GOAL OF THE EXERCISE:
Starting at the top of the entries below, print each line exactly until the line with "近日,作为今年上戏艺术季展演" has been printed too.

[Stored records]
++++++++
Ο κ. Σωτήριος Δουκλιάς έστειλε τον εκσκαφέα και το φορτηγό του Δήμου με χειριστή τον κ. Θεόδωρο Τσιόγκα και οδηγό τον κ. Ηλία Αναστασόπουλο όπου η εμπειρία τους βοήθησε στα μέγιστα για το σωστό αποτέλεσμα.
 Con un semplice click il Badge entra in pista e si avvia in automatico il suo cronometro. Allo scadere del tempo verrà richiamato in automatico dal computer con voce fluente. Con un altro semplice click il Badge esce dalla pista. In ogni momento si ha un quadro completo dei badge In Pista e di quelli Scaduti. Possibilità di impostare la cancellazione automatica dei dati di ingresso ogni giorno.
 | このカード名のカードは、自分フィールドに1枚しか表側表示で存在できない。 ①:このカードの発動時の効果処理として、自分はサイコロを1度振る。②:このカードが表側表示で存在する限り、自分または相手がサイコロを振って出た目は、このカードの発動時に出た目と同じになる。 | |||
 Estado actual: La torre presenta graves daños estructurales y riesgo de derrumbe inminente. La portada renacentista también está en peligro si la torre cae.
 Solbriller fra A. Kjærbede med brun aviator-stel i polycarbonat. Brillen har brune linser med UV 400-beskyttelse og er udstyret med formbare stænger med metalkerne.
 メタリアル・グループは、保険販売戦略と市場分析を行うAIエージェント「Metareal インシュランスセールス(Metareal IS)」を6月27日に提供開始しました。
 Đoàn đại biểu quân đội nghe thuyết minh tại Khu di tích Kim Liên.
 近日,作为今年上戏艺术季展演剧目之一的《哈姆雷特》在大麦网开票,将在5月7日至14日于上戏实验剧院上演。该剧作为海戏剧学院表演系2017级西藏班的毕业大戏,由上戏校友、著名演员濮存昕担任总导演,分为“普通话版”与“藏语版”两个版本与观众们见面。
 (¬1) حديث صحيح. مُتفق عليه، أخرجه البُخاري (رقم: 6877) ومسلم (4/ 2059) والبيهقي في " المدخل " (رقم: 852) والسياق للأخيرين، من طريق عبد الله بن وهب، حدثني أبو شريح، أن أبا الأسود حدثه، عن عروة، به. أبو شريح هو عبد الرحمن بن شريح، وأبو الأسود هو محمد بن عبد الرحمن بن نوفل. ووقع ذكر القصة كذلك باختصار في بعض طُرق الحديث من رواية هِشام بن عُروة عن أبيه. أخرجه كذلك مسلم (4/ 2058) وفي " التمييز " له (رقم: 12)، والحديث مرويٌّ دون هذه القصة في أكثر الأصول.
++++++++
ANSWER SECTION:
Ο κ. Σωτήριος Δουκλιάς έστειλε τον εκσκαφέα και το φορτηγό του Δήμου με χειριστή τον κ. Θεόδωρο Τσιόγκα και οδηγό τον κ. Ηλία Αναστασόπουλο όπου η εμπειρία τους βοήθησε στα μέγιστα για το σωστό αποτέλεσμα.
 Con un semplice click il Badge entra in pista e si avvia in automatico il suo cronometro. Allo scadere del tempo verrà richiamato in automatico dal computer con voce fluente. Con un altro semplice click il Badge esce dalla pista. In ogni momento si ha un quadro completo dei badge In Pista e di quelli Scaduti. Possibilità di impostare la cancellazione automatica dei dati di ingresso ogni giorno.
 | このカード名のカードは、自分フィールドに1枚しか表側表示で存在できない。 ①:このカードの発動時の効果処理として、自分はサイコロを1度振る。②:このカードが表側表示で存在する限り、自分または相手がサイコロを振って出た目は、このカードの発動時に出た目と同じになる。 | |||
 Estado actual: La torre presenta graves daños estructurales y riesgo de derrumbe inminente. La portada renacentista también está en peligro si la torre cae.
 Solbriller fra A. Kjærbede med brun aviator-stel i polycarbonat. Brillen har brune linser med UV 400-beskyttelse og er udstyret med formbare stænger med metalkerne.
 メタリアル・グループは、保険販売戦略と市場分析を行うAIエージェント「Metareal インシュランスセールス(Metareal IS)」を6月27日に提供開始しました。
 Đoàn đại biểu quân đội nghe thuyết minh tại Khu di tích Kim Liên.
 近日,作为今年上戏艺术季展演剧目之一的《哈姆雷特》在大麦网开票,将在5月7日至14日于上戏实验剧院上演。该剧作为海戏剧学院表演系2017级西藏班的毕业大戏,由上戏校友、著名演员濮存昕担任总导演,分为“普通话版”与“藏语版”两个版本与观众们见面。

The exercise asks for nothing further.